DataWorks:Use DataWorks with EMR Serverless StarRocks

Last Updated:Feb 28, 2026

This guide shows you how to connect DataWorks to EMR Serverless StarRocks and use five DataWorks features with your StarRocks data: data integration, data development and scheduling, ad-hoc analysis, API generation, and metadata management.

Overview

StarRocks is a next-generation, high-speed Massively Parallel Processing (MPP) database for unified analytics. EMR Serverless StarRocks is a fully managed service for open-source StarRocks on Alibaba Cloud. You can create and manage StarRocks instances without provisioning infrastructure.

As an online analytical processing (OLAP) engine compatible with the MySQL protocol, StarRocks supports:

  • Multi-dimensional OLAP analysis

  • Data lake analysis

  • High-concurrency queries

  • Real-time data analysis

DataWorks connects to EMR Serverless StarRocks through a data source. After connecting, you can run data integration jobs, schedule recurring tasks, perform interactive analysis, build data APIs, and manage metadata from a single platform.

Note

After you create a StarRocks instance, you can view instance details in the EMR console. You can also connect to the instance through EMR StarRocks Manager to view database and table information.

Choose the right feature

Use the following table to decide which DataWorks feature fits your goal.

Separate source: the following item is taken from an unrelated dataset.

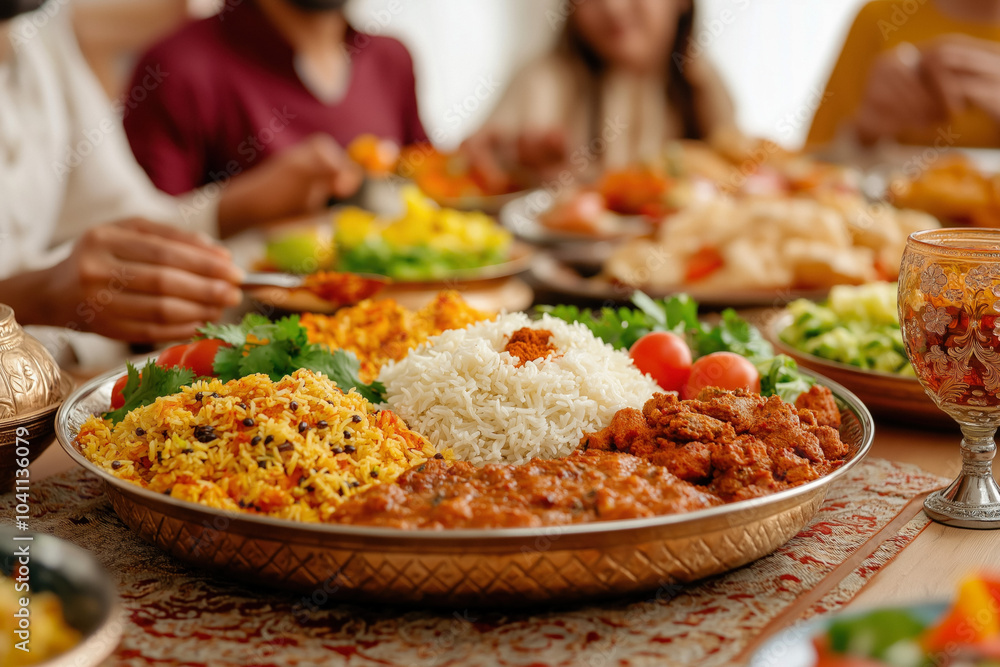 A Family Gathered Around A Large Indian Food Thali At A Dining Table, Sharing Laughter And Serving Food To Each Other, Capturing The Essence Of Indian Communal Dining #1041136079

GoalDataWorks featureWhen to use
Move data into StarRocks from external sourcesData IntegrationSync data from MySQL, Hive, Kafka, OSS, HDFS, or other sources into StarRocks tables on a recurring schedule.
Run and schedule SQL tasksData Development + Operation CenterCreate StarRocks SQL tasks, debug them, and run them on a recurring schedule with dependency management.
Run ad-hoc queriesData AnalysisInteractively query, analyze, and share data in StarRocks tables without a scheduled job.
Expose StarRocks data as REST APIsDataService StudioGenerate and publish API endpoints that serve StarRocks data to downstream applications.
Search and manage metadataData MapCatalog StarRocks metadata, search for tables, view table details, or trace data lineage.

Key concepts

ConceptDescriptionReferences
Resource groupRuns DataWorks tasks. You must purchase, bind, and configure a resource group before using DataWorks features.Resource group fees, Resource group management
Data sourceA connection to an external data store. For EMR Serverless StarRocks, create a StarRocks data source.StarRocks data source
Data IntegrationSynchronizes data between heterogeneous data sources in batch or real-time mode.Data Integration overview
Data Development and Operation CenterData Development lets you write and debug tasks. Operation Center runs them on a recurring, automated schedule.DataStudio (Old Version), Operation Center overview
Data AnalysisOnline service for interactive data querying, editing, and sharing.Data Analysis
DataService StudioPlatform for building, managing, and publishing data APIs with codeless and code-based interfaces.DataService Studio
Data MapMetadata management module with global search, metadata detail viewing, data preview, data lineage, and data category management.Data Map overview

Prerequisites

Complete all of the following before you begin:

  1. Activate DataWorks and create a workspace. See Purchasing guide.

  2. Purchase and configure a resource group. Bind the resource group to your workspace and configure its network settings. See Resource group management.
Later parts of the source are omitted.